Julius Duncan's Blog

Brands for a social age

Is social growing up?

The mood music around social media has shifted significantly in the last 12 months.

At Headstream we’ve had the privilege of chairing Brand Republic’s Social Media  Strategy conference in 2010, and 2011. What was noticeable at this year’s 5th July event was a refreshing honesty that few brands have ‘cracked’ social as yet, and that early integration of social into the broader marketing strategy is the route to success. This was in contrast to last year’s event where the mood was more triumphalist, and at times reflected the view that social was ‘just another channel’, that had been mastered.

As a result, the day was full of great opportunities to learn from the challenges and surprises brands have faced in social, as well as their successes, and to have an honest and open discussion about the challenges we share as marketers responding to social.

Here are some stand-out moments from the day for us.

1 – It’s all about the customer

Jonathan Williams, Director of e-Marketing at Trader Media Group (owner of Auto Trader) reminded us that ‘getting closer to customers’ is at the heart of social strategy. He emphasised the gilt-edged opportunity that social networks and two-way conversations are giving brands to achieve this. Kathleen Schneider from Dell, echoed Jonathan’s point, saying that CEO Michael Dell’s mantra has always been ‘Find ways to get closer to your customer’.

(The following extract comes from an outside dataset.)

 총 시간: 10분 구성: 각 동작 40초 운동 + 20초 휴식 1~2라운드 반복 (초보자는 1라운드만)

2 – Should we get hung up on complex ROI formulas?

For Dell the fact that social media has allowed it to get closer to customers in multiple ways is enough ROI in itself to justify the company’s heavy investment in social. Similarly, Cheryl Calverley, from Birds Eye Iglo Group, said the fact that social has ‘made word of mouth measurable for the first time’ is a significant ROI for any brand.

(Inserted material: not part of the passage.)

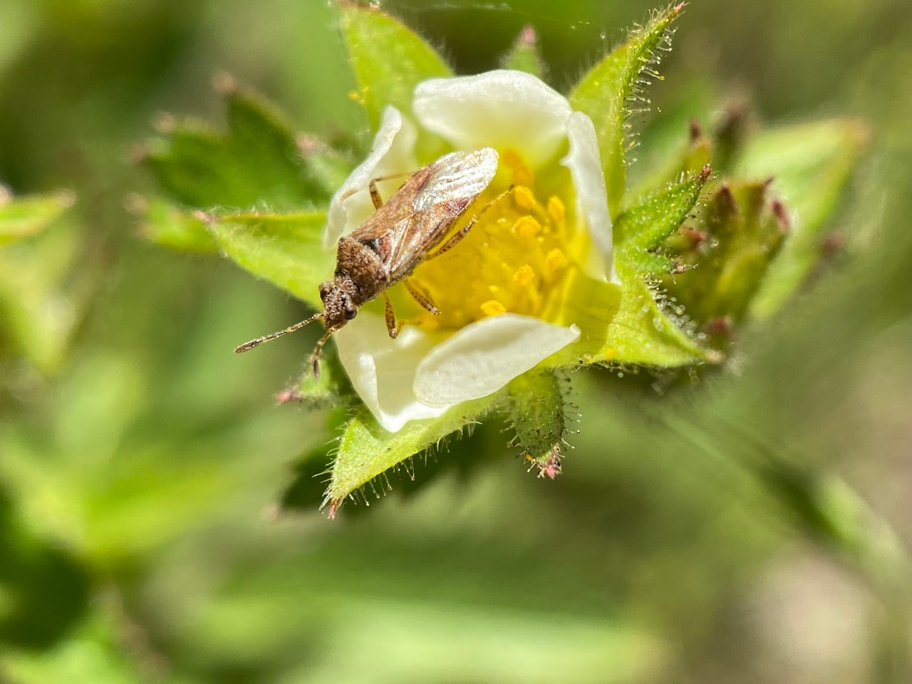 Here’s a bug that is commonly seen on the Sticky Cinquefoil flower, Drymocallis glandulosa. It is a member of the genus Arhyssus, the Scentless Plant Bugs (family Rhopalidae). Little information is available about these bugs, except that they lack well-developed scent glands, and that they feed on seeds of herbaceous plants.

3 – Integrate social as early as possible in strategy and planning

Stressing the need to integrate social into brand and campaign thinking as early as possible, Melissa Littler, Marketing Director at online retailer Brand Alley, said ‘Social works best when it isn’t a bolt-on, when it’s thought about from the outset, and creative is optimised (for it)’. Peter Markey, Chief Marketing Officer at insurer RSA Group, said that the ‘More Than Freeman’ campaign for RSA’s UK insurance brand More Than, had ‘considered social from the start’. This was reinforced by Asad ur Rehman, Director, Global Media (Foods) at Unilever, who said “Social strategy has to be integrated. Embed social upfront in your marketing strategy or your business strategy, it cannot stand alone.”

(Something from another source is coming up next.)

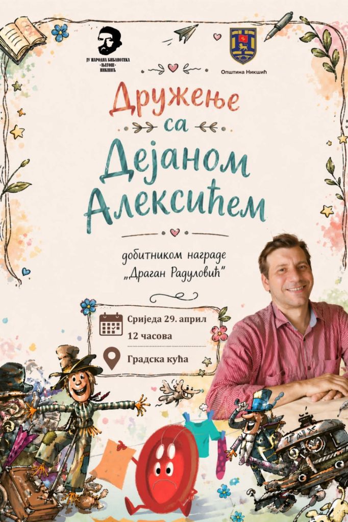 Gost događaja biće poznati književnik, dramski pisac i pjesnik Dejan Aleksić, dobitnik nagrade “Dragan Radulović” za zbirku dječijih pjesama “Džinovi, strašila i nešto treće”.

4. Earning the right to engage

Asad encouraged the room to keep adapting traditional marketing thinking in order to respond effectively to social. “As marketers we need to switch our gears. First we need to earn the right to sit at the (community’s) table, then we have to earn attention, then and only then, we might have earned the right to deliver a product message.” Asad cited Lynx’s ‘Keeping Keeley’ campaign as a great example of this approach.

On the same theme, Peter Markey, said that the personality brought by the More Than Freeman character earns the brand the right to engage with customers who typically only contact their insurer once a year, at renewal. Peter also shared the insight that early in the campaign the tone of voice used on social platforms by the character was ‘too quirky’ and didn’t engage, but by observing interaction levels, testing and learning, a more effective tone of voice was developed that earned significant engagement.

Keep the customer at the centre, integrate social early, see the bigger picture on ROI, earn the right to engage, and be ready to test, learn, fail and adapt.

All great points, and signals that social is no longer the new kid on the block.